Randomized timeouts are also used to handle split votes. Each candidate's election timeout is restarted at the start of an election, and the timeout must elapse before it can start another election. This reduces the probability of another split vote in the new election.
Any Two Majorities Must Overlap in At Least One Server #
All of Raft's key decisions rely on getting some confirmation from a majority of the servers in the cluster. The insight here is that if there is a partition in the cluster i.e., one or more nodes cannot communicate with the other set of nodes, at most one of the partitions can have the majority. In addition, any subsequent majorities must overlap with the previous ones in at least one server. This is how Raft is able to ensure that a term has at most one leader and prevent a split-brain situation. If we have candidates from separate partitions that cannot communicate, only one of them will be able to gain a majority of votes. There is no chance of two candidates in separate partitions gaining a majority for the same term.

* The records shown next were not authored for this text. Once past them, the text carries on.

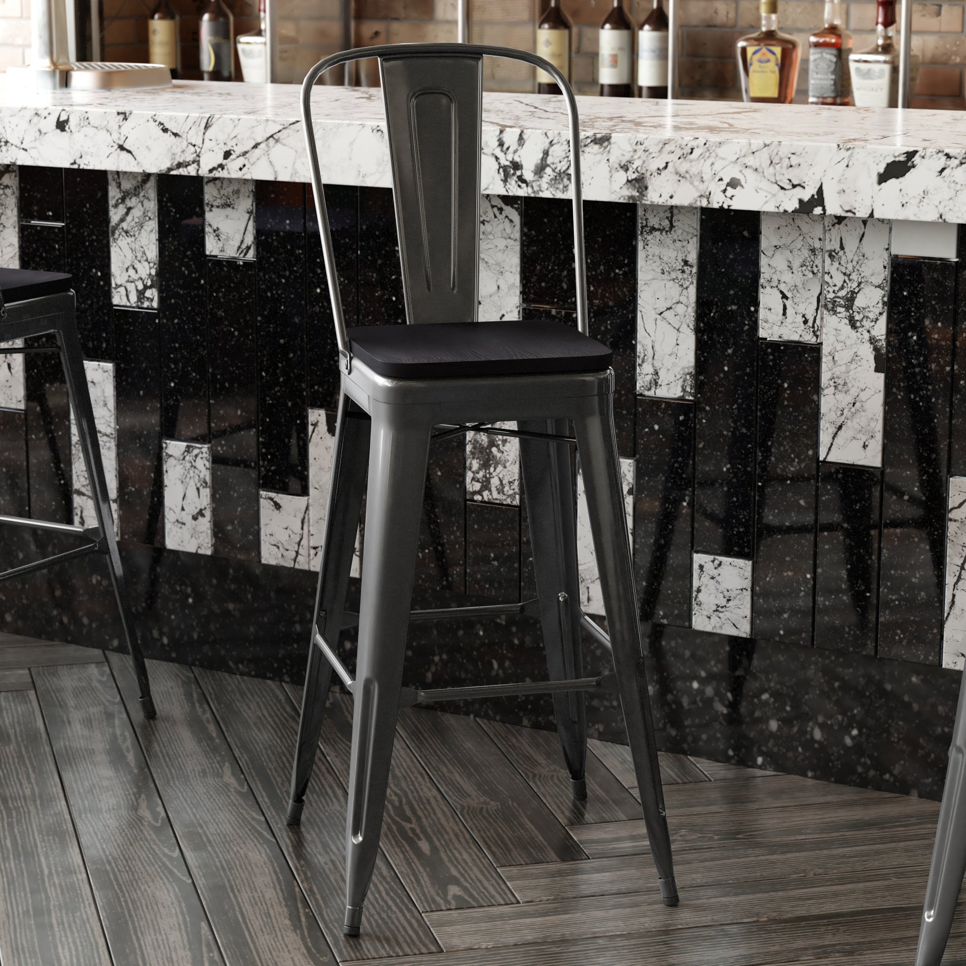 30" Black Stool-Black Seat CH-31320-30GB-BK-PL2B-GG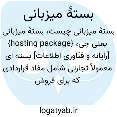 {hosting package} [رایانه و فنّاوری اطلاعات] بسته ای معمولاً تجارتی شامل مفاد قراردادی که برای فروش یا اجارۀ فضایی از سامانه ای رایانه ای ارائه می شود تا کاربر بتواند با خرید یا اجاره کردن هریک از آنها داده هایی را به عنوان منبع اطلاعات در آن سامانه قرار دهد و از محلی...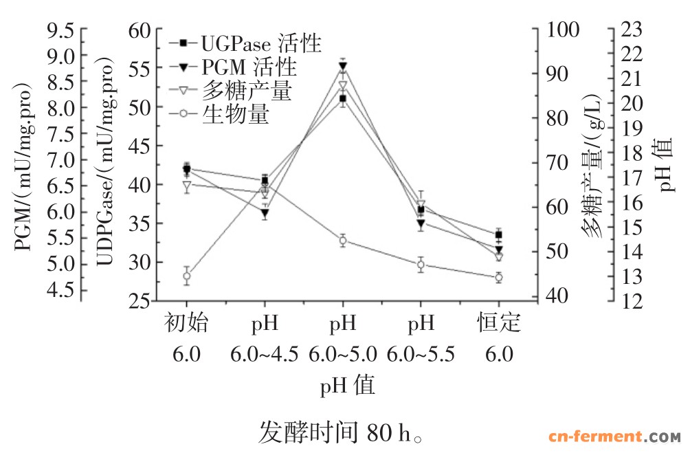 从图4总体可看出,在pH6.0~5.0条件下发酵80 h后UGPase和PGM的活性均高于其他pH条件下的活力,同时此条件下的多糖产量也高于其他组,这一结果显示这些pH值条件下的酶活力与普鲁兰多糖的生产规律相似,因此证明了这两种酶对多糖生产的影响。在初始pH6.0条件下UGPase和PGM的活性与pH6.0~4.5组相近,同时普鲁兰多糖产量相近,分别为(65.21±2.78)g/L 和 63.21 g/L,而此时初始pH6.0条件下的发酵pH值为4.76左右,证明这两种酶的活性对pH值变化较为敏感。在后期控制pH值恒定的四组中酶活力受pH值影响,随pH值由低到高,呈现一种先降低后升高的变化趋势,并在pH5.0表现出最高比活力,同时可以观测出普鲁兰多糖产量呈现这一态势。从而可在酶学上印证后期调节pH值至5.0更利于普鲁兰多糖合成。而生物量的变化受酶活影响并不十分明显,初始pH值6.0组在发酵80 h时酶活与pH6.0~4.5酶活基本一致而生物量却差异明显。后期调控pH值的四组,生物量则与pH值的变化相关,可看出后期pH值偏低更利于菌体生长。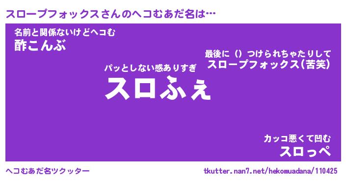 | 男性向けラノベタイトル風あだ名 | 『スロープフォックスアートオンライン』 |

A Raft cluster is typically made up of an odd number of servers. This helps to improve fault tolerance in the cluster. For example, a cluster of 4 nodes needs 3 nodes to make a decision, and a cluster of 5 nodes also needs the same amount of nodes. This means that we can tolerate more failures and still make progress in the cluster. More generally, a cluster of 2f + 1 servers can tolerate f failed servers.
Systems that rely on the overlap of majority set of servers for operation are referred to as quorum systems.
How does log replication work? #
A leader is responsible for receiving client requests once it has been elected. These client requests contain commands that must be replicated to the servers in the cluster.
When a request comes in, the leader creates a new log entry containing that command and appends the entry to its log. It then sends AppendEntries RPCs in parallel to its followers. An entry will only be considered as committed when it has been safely replicated on the majority of its followers. Once an entry is marked as committed, it must be durably persisted on all the followers. If a follower crashes or there is a network fault that drops packets to the follower, the leader will keep retrying the request indefinitely until the follower receives the log entry. All followers must eventually store committed log entries. When an entry is committed, it can then be executed by the state machine.
Figure 4 - "Logs are composed of entries, which are numbered sequentially. Each entry contains the term in which it was created (the number in each box) and a command for the state machine. An entry is considered committed if it is safe for that entry to be applied to state machines"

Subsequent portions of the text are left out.